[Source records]
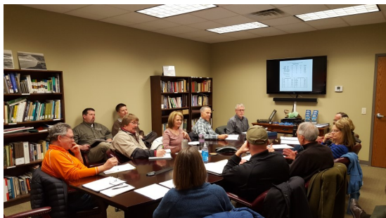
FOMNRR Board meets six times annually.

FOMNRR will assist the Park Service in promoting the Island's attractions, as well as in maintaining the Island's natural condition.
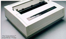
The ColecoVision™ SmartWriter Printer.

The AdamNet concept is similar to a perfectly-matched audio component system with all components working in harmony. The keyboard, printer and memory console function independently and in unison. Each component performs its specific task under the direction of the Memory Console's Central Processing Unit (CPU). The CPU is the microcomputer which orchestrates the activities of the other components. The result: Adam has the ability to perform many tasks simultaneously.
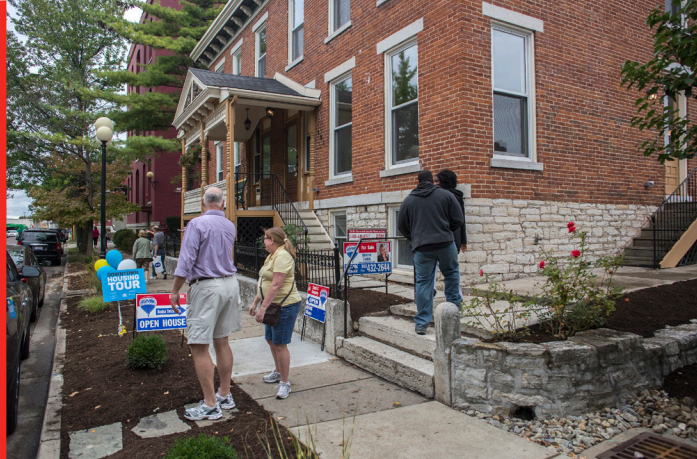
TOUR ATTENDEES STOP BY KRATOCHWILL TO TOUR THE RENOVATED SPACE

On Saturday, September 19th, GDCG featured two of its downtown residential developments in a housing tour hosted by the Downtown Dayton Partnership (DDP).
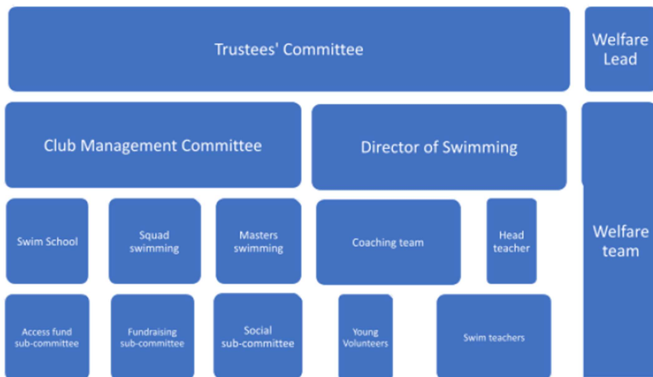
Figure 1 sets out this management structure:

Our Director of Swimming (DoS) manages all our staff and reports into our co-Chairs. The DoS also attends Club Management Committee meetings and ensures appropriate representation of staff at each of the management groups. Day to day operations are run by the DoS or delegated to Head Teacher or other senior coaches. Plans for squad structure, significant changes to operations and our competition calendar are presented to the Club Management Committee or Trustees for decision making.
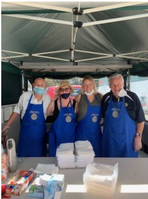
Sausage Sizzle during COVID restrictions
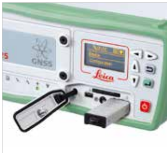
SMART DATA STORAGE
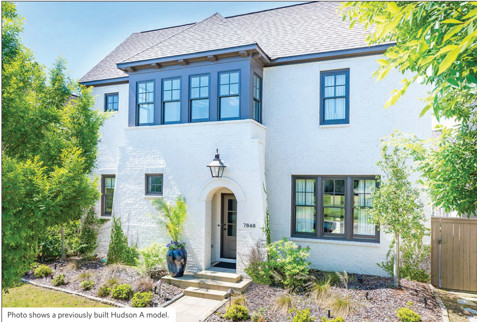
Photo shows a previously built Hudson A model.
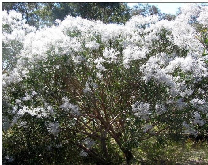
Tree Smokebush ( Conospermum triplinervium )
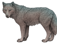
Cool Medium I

EXERCISE: The answer must be an exact copy of the lines from the one containing "Photo shows a" through the last line of the records, and nothing else. Pictures do not belong in it.

RESPONSE AREA:
Photo shows a previously built Hudson A model.
Tree Smokebush ( Conospermum triplinervium )
Cool Medium I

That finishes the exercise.